NatWest expects the FOMC to double the taper pace at the December meeting, with asset purchases ending mid-March, setting up for rate hikes in 2022.

  • Statement: Major rework to inflation language, removing “transitory”; “will use several references from Chair Powell’s testimony specifically with reference to inflation”. Possible dissent from Kashkari (to faster taper).
  • SEP/Dot Plot: Dots likely to imply 2 hikes in 2022 and 2023 (i.e. same number of hikes by end-2023, 4 in total, as indicated in September, to 1.00%), “but that’s a close call”. 2024 median dot 1.875% (up 12.5bp). Some FOMC members to pencil in 3 2023 hikes.

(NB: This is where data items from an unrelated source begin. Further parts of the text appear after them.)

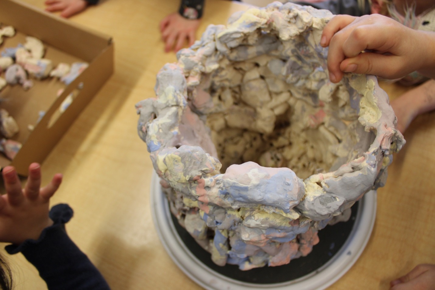 A small coil bowl was created and added to the city. Some children asked how to make one too. I wondered out loud: “Could we make a bowl together?” We talked about what a bowl needs—how it holds, how it grows, what the clay might ask of us. Over many weeks, something vessel-like took shape. We said it belonged to everyone. We agreed to add only little bits at a time, pressing gently into what already existed. After each encounter we carefully put our growing vessel into a humidor or wet-box—a five-gallon pail with a layer of plaster in the bottom that maintained the clay vessel in a pliable state until the next time we wanted to work on the bowl. Then, one day, we opened the pail where the bowl rested. It had collapsed into a pile of pieces. No one said anything right away.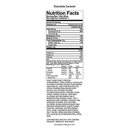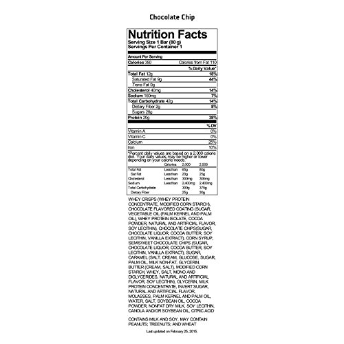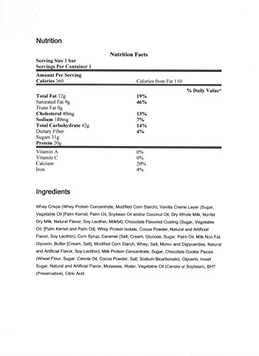 Product Description G® Gatorade Recover® Whey Protein Bar Cookies and Creme, Chocolate Caramel, and Chocolate Chip. 20g protein. Artificially flavored. 360 calories per bar. 0
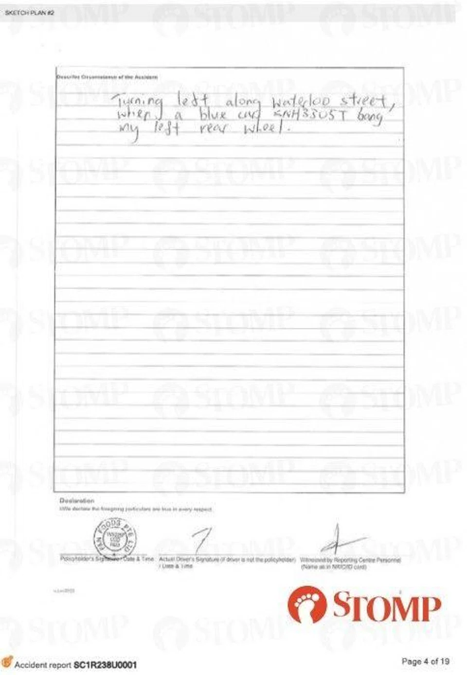 If you have dashcam footage or any information about the accident, kindly contact Stomp at stomp@stomp.com.sg or WhatsApp 9384 3761.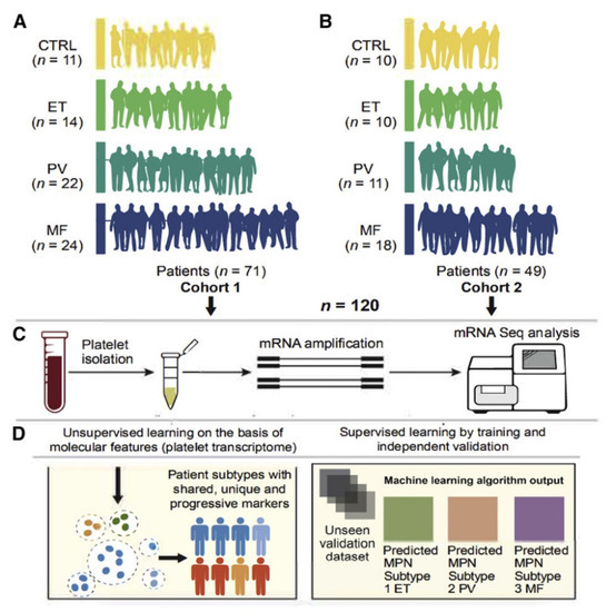 Graphical abstract of Shen et al.’s machine learning algorithm for myelofibrosis prediction using platelet transcriptome of myeloproliferative neoplasms. (A,B) Two independent cohorts of MPN patients and healthy controls were included. (C) Platelets from peripheral blood samples of the two cohorts were isolated and sequenced to yield a platelet transcriptome. (D) Machine learning approaches, including unsupervised and supervised techniques, were utilized for myelofibrosis prediction using the platelet transcriptome.

  • Core PCE forecasts raised to 4.3% in 2021, 2.4% in 2022, 2.2% in 2023. Unemployment down to 4.3% in 2021, 3.5% in 2022, 3.2% in 2023, 3.2% in 2024.
  • Press conference: Powell to “emphasize flexibility and uncertainty and point to the dot plot as evidence that the fundamental view among the overall Committee hasn’t changed even though they expect another hike in 2022.” Likely to sound a little more open to 2022 hikes but to make clear earlier taper end does not necessarily mean a quick shift to rate hikes – criteria very different.
  • Future action: Liftoff in Q3 2022 (previously NatWest saw Q4 2022), and 2 hikes (previously 1) in 2022. 2 hikes in 2022, 4 hikes in 2023, 4 in 2024. Terminal Fed funds to end up closer to 3%, above 2.5% L-R Fed dot.